The other common part of pingers is their exposure of the URL which have pinged the service. ping.semanticweb.org provides an interface to that data too at /export. The export is implemented by providing the results of a query as a XML file with two tags: pingthesemanticwebUpdate and rdfdocument (both with some attributes).
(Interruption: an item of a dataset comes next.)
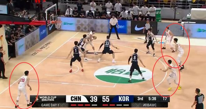 第三节中国队落后韩国队多达16分,此时的郭士强依旧还是不敢放手一搏,还是迷信主打内线,想用周琦或者胡金秋的高度去帮助球队打开局面,这么干一两个回合是可以,但要全场比赛都这么打,反而是一种自废武功,只见周琦一人持球,中国队外线四人全都定住不动,队友们既没有跑位也没有穿插到篮下策应,面对韩国队的包夹,周琦也第一时间也没有将球转移给弧顶大空位的张镇麟,而是愣了几秒后才开始动身往里凿,在周琦看来,他可能是不信任张镇麟,也可能是在听话执行郭士强给他的低位任务,不得不完成。
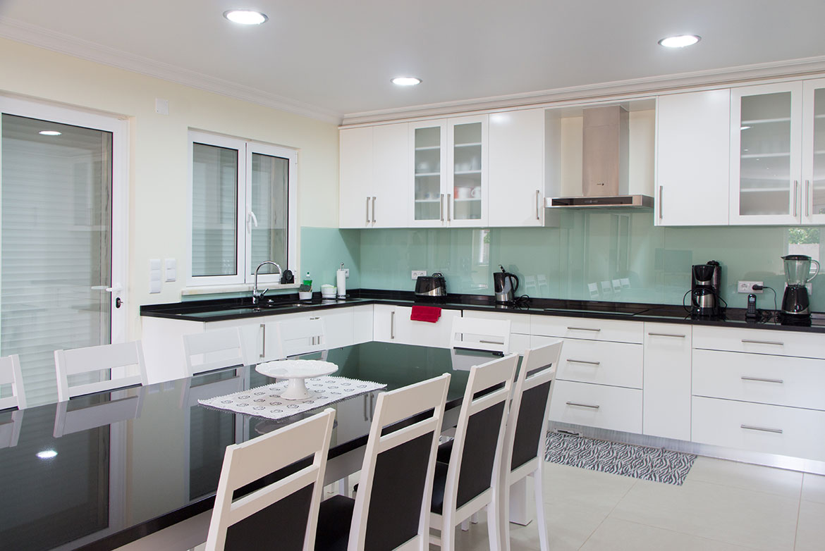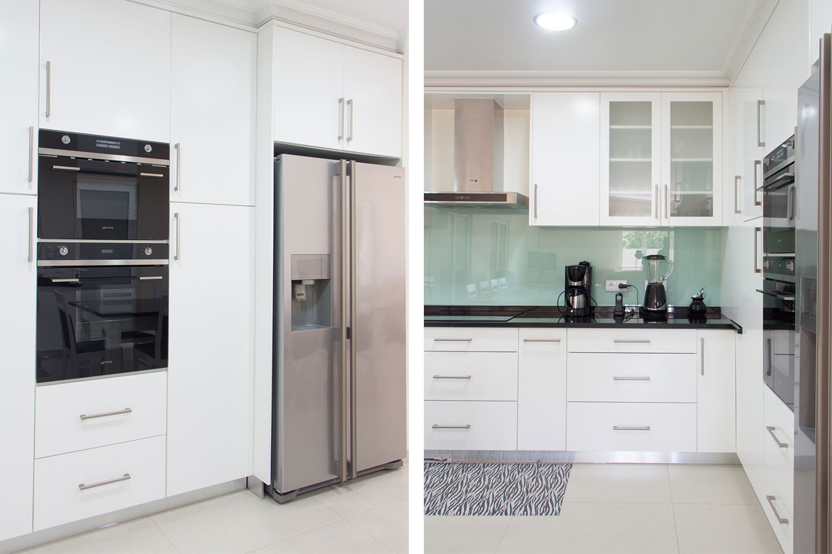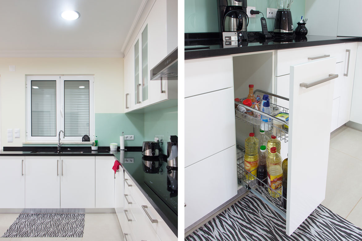 Cozinha em MDf hidrófugo lacada a branco 1/2 brilho com tampo em preto absoluto.

This is a very efficient way to expose the URL but most of the other consumers (like slug) require an other format: a [scutter vocabulary][3] based.

So how may a export of the URL having pinged in the last 2 hours look like?

<rdf:RDF xmlns="http://purl.org/net/scutter/"
 xmlns:dc="http://purl.org/dc/elements/1.1/"
 xmlns:rdf="http://www.w3.org/1999/02/22-rdf-syntax-ns#"
 xmlns:scutter="http://purl.org/net/scutter/">

 <rdf:Description>
  <rdf:type rdf:resource="http://purl.org/net/scutter/Representation"/>
  <localCopy>cache/b4mad.net/datenbrei/index.php_sioc_type=post_sioc_id=300</localCopy>
  <source rdf:resource="http://b4mad.net/datenbrei/index.php?sioc_type=post&#38;sioc_id=300"/>
  <origin rdf:resource="http://ping.semanticweb.org/ping/http://b4mad.net/datenbrei/index.php?sioc_type=site"/>
  <fetch rdf:parseType="Resource">
   <rdf:type rdf:resource="http://purl.org/net/scutter/Fetch"/>
   <dc:date rdf:datatype="http://www.w3.org/2001/XMLSchema#dateTime">2006-08-06T14:35:11+0200</dc:date>
   <contentType>application/rdf+xml</contentType>
   <rawTripleCount>68</rawTripleCount>
   <status>200</status>
  </fetch>
  <fetch rdf:parseType="Resource">
   <rdf:type rdf:resource="http://purl.org/net/scutter/Fetch"/>
   <dc:date rdf:datatype="http://www.w3.org/2001/XMLSchema#dateTime">2006-08-05T19:23:16+0200</dc:date>
   <contentType>application/rdf+xml</contentType>
   <rawTripleCount>68</rawTripleCount>
   <status>200</status>
  </fetch>
 </rdf:Description>
</rdf:RDF>

And what does it all mean? The export above says:

http://b4mad.net/datenbrei/index.php?sioc_type=post&#38;sioc_id=300 has been fetched two times: on 2006-08-06 and on 2006-08-05 always giving 68 statements and HTTP return code 200. A local copy has been stored to cache/b4mad.net/datenbrei/index.php_sioc_type=post_sioc_id=300. The crawler knew about the ping because of its origin.

Another valuable extension would be a RSS feed having all fetched items in it.

[3]: http://rdfweb.org/topic/ScutterVocab